I think, however, that this aesthetic theory goes too far. It is possible to have a theme that can be summarized meaningfully in words, but which gains greater texture through narrative drama, such that there is still value in portraying it in a film. In much the same way as a key insight from one's own psychological development may sound trite, or fail to move one's hearers, when one states it nakedly and devoid of context, but can acquire reality and profundity for oneself through a life experience that illustrates it—so too, a plot can put flesh on the bones of a bare theme, in a way that makes it live.
The problem with so many contemporary films, therefore, is not that they have themes that can be so easily summarized—it is that they are nothing but these themes. Their characters serve as mouthpieces for the artist's main idea; thereby playing the exact same role as the friend who summarizes the key takeaways from the movie for you after seeing it. The film therefore defies interpretation for the exact opposite of the reason Eliot says the true work of art should defy interpretation: these films have already told you explicitly what they "mean" for you, leaving you no room for elaboration.

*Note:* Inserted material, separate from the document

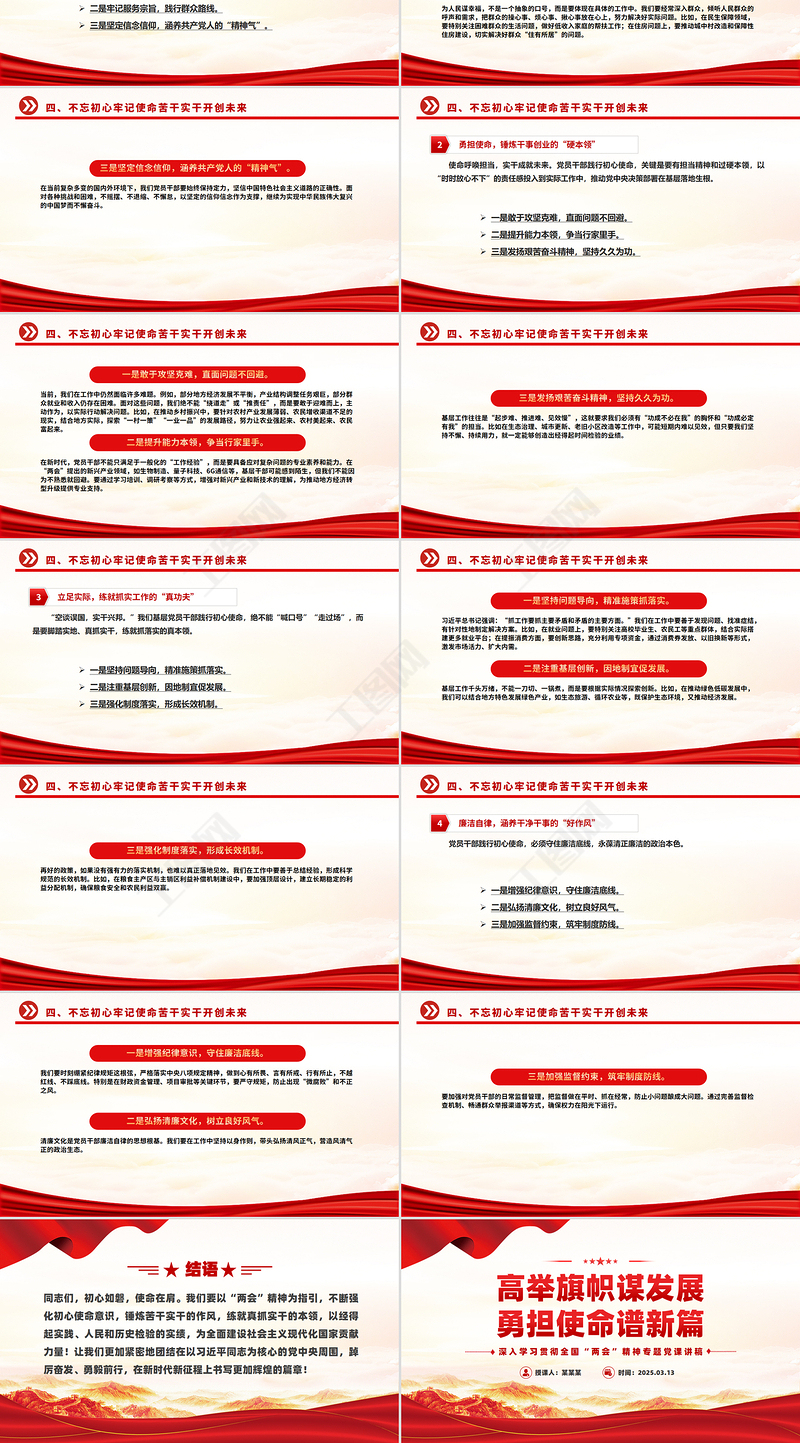 四、不忘初心牢記使命苦干實干開創未來一是敢于攻堅克難,直面問題不回避。當前,我們在工作中仍然面臨許多難題。例如,部分地方經濟發展不平衡,產業結構調整任務艱巨,部分群眾就業和收入仍存在困難。面對這些問題,我們絕不能“繞道走”或“推責任”,而是要敢于迎難而上,主動作為,以實際行動解決問題。比如,在推動鄉村振興中,要針對農村產業發展薄弱、農民增收渠道不足的現實,結合地方實際,探索“一村一策”“一業一品”的發展路徑,努力讓農業強起來、農村美起來、農民富起來。二是提升能力本領,爭當行家里手。在新時代,黨員干部不能只滿足于一般化的“工作經驗”,而是要具備應對復雜問題的專業素養和能力。在“兩會”提出的新興產業領域,如生物制造、量子科技、6G通信等,基層干部可能感到陌生,但我們不能因為不熟悉就回避。要通過學習培訓、調研考察等方式,增強對新興產業和新技術的理解,為推動地方經濟轉型升級提供專業支持。

The theory of the "objective correlative" therefore gets us closer to understanding the problem than the theory of the uninterpretable work of art. It is perfectly fine—indeed, ideal—for a film to have a theme and for its characters to have realizations. It is even okay for them to tell us about them explicitly. But the realizations have to correspond in some way to the events of the film. We have to understand why what has just happened has led them to think in this new way. Otherwise, each realization is simply a miraculous creation ex nihilo, and we might as well have conjured it from thin air ourselves instead of watching a film about it.